# [RECORD EXTRACTS]
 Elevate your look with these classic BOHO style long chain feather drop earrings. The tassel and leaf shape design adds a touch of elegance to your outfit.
==
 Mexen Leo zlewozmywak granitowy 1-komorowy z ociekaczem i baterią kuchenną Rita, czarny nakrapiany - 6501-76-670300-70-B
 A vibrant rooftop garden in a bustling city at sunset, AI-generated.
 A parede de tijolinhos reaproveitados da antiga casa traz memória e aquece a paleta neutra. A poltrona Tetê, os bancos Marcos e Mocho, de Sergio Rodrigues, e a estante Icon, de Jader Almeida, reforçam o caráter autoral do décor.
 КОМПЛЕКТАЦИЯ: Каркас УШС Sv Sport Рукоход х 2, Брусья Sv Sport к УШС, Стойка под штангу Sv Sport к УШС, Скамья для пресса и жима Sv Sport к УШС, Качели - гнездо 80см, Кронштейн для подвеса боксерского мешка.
---
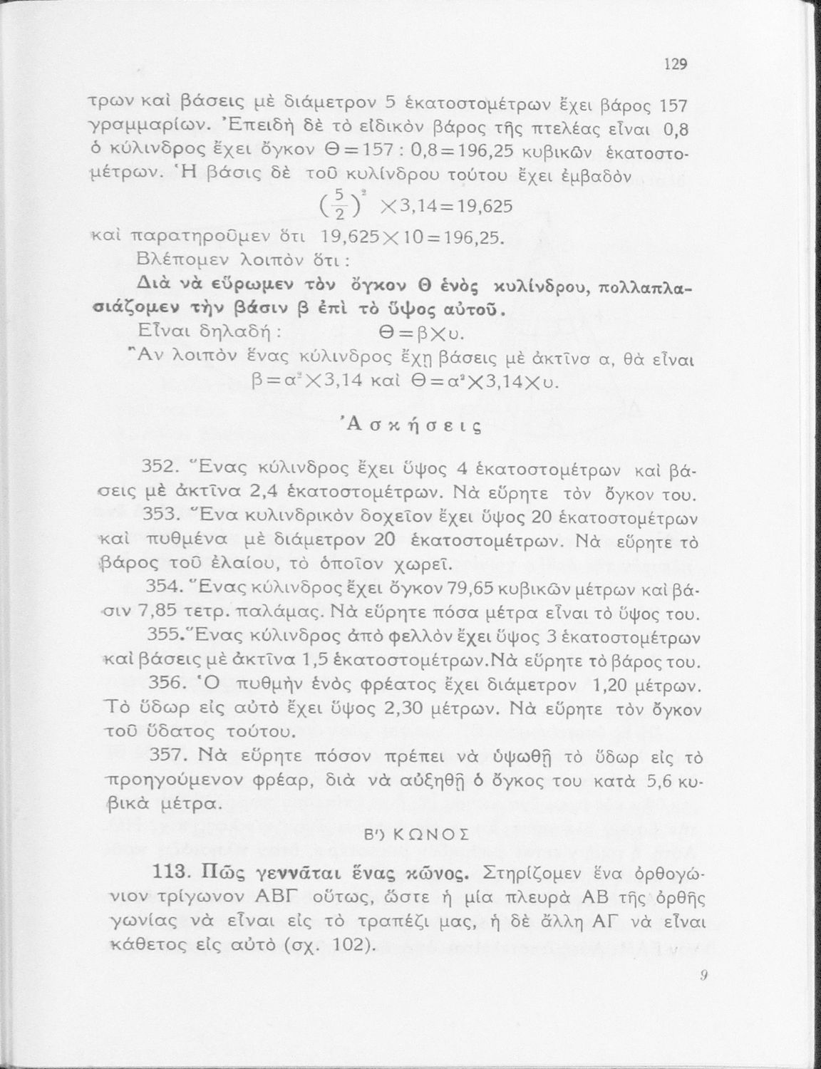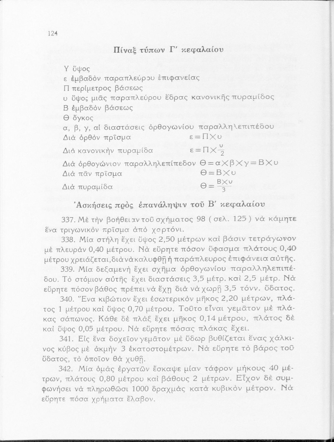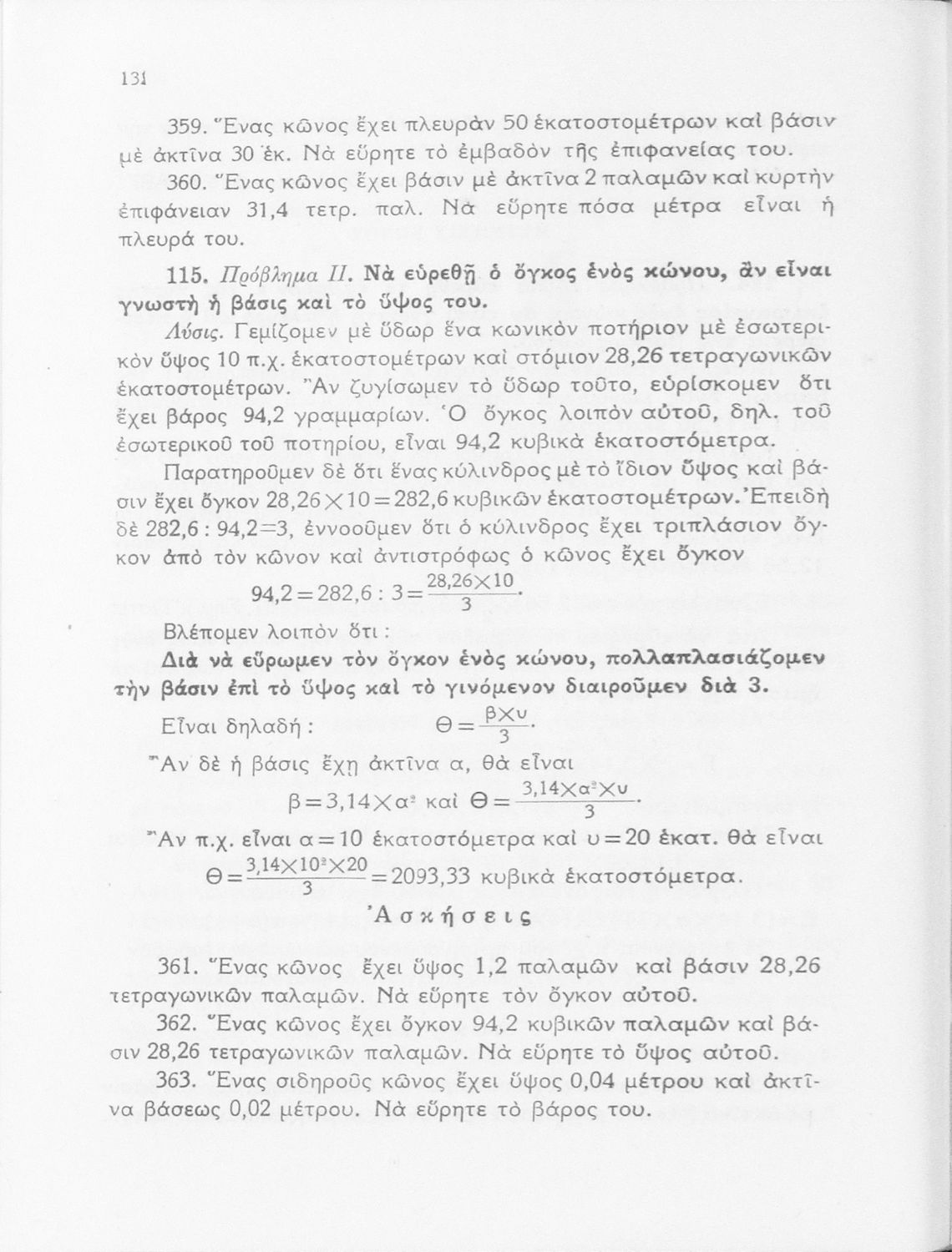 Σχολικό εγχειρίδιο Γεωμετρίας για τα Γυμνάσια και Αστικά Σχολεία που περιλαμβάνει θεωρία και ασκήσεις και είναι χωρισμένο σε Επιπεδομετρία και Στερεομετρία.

# [TO DO]
In the data above, which lines lie between the line with "Mexen Leo zlewozmywak" and the line with "A parede de", inclusive? Print those lines exactly and nothing else.

# [TASK SOLUTION]
 Mexen Leo zlewozmywak granitowy 1-komorowy z ociekaczem i baterią kuchenną Rita, czarny nakrapiany - 6501-76-670300-70-B
 A vibrant rooftop garden in a bustling city at sunset, AI-generated.
 A parede de tijolinhos reaproveitados da antiga casa traz memória e aquece a paleta neutra. A poltrona Tetê, os bancos Marcos e Mocho, de Sergio Rodrigues, e a estante Icon, de Jader Almeida, reforçam o caráter autoral do décor.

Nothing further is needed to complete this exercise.